If we knew it all, we wouldn’t need to play the piles and piles of records we listen to every day. We would already know which pressings should have the best sound and all that would be left to do would be to assign them a sonic grade and list them for sale on the website. This approach would have the added benefit of cutting our labor costs in half.
But that is not remotely the reality of the world of records for those of us who play them and listen to them critically.
It’s the reason we formalized the concept into a Better Records Record Collecting Axiom, in this case Axiom Number Two: No two records sound the same.
Learning Is Fun
We learn something new about records with practically every shootout we run. That, more than anything else, is what makes the kind of tedious, time-consuming, mentally-exhausting work we do fun.
It’s how we’ve managed to find some of the best sounding pressings in the history of the world, like this one. (Maybe we should point out that Harry Pearson found it first, but it’s highly unlikely he heard one sound as good as our copy. For one thing, the best cleaning fluids hadn’t been invented yet.)
The stuff we were wrong about, and there has been plenty, you can find right here on the blog, often under the heading live and learn.
It should be said that most audiophiles, at least the ones I know well, do not have the patience to critically analyze ten different copies of the same record for hours on end. For our listening panel, it’s all in a day’s work.
I learned to critically listen for extended periods of time back in the early 80s. I got heavily into — obsessed with might be more accurate — tweaking my table setup, system components, wires, vibration controlling devices and anything else I could possibly imagine might have an effect on the sound of the system.

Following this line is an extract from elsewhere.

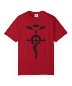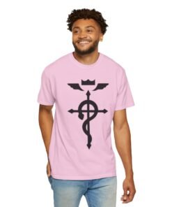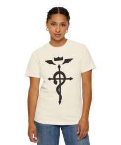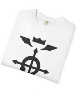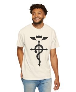 Show your love for alchemy with this Flamel regular fit Fullmetal Alchemist Tee. Featuring the iconic winged cross entwined with a serpent, this garment-dyed shirt carries one of the most recognizable symbols from the FMA universe. Subtle yet powerful, it’s a versatile piece for anime fans who value both style and meaning. ✝️🐍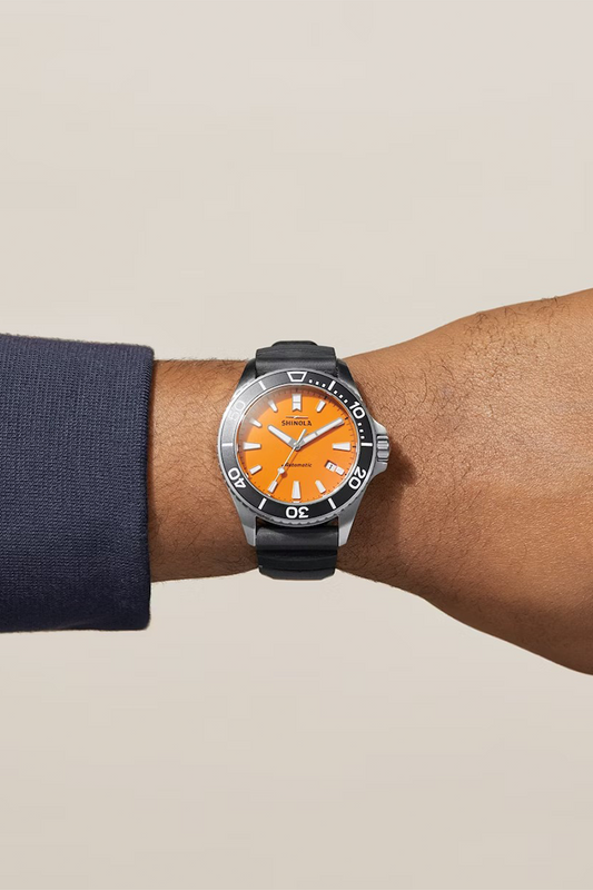 SHINOLA MONSTER 43 MM BLACK RUBBER STRAP WITH ORANGE DIAL...

Listening for differences in interconnects and listening for differences in pressings calls upon precisely the same set of skills. If you can do it all day, if you actually like tweaking and analyzing the sound of your stereo for hours and hours, you will undoubtedly end up with a much better sounding system, as well as one helluva high quality collection of records (and some very finely honed listening skills).
If your stereo is working right and your ears are able to recognize good sound, then you surely know by now just how poor the sound quality is on the hundreds of records listed here. The fact that they were marketed to audiophiles would be funny if it weren’t such a tragic waste of money.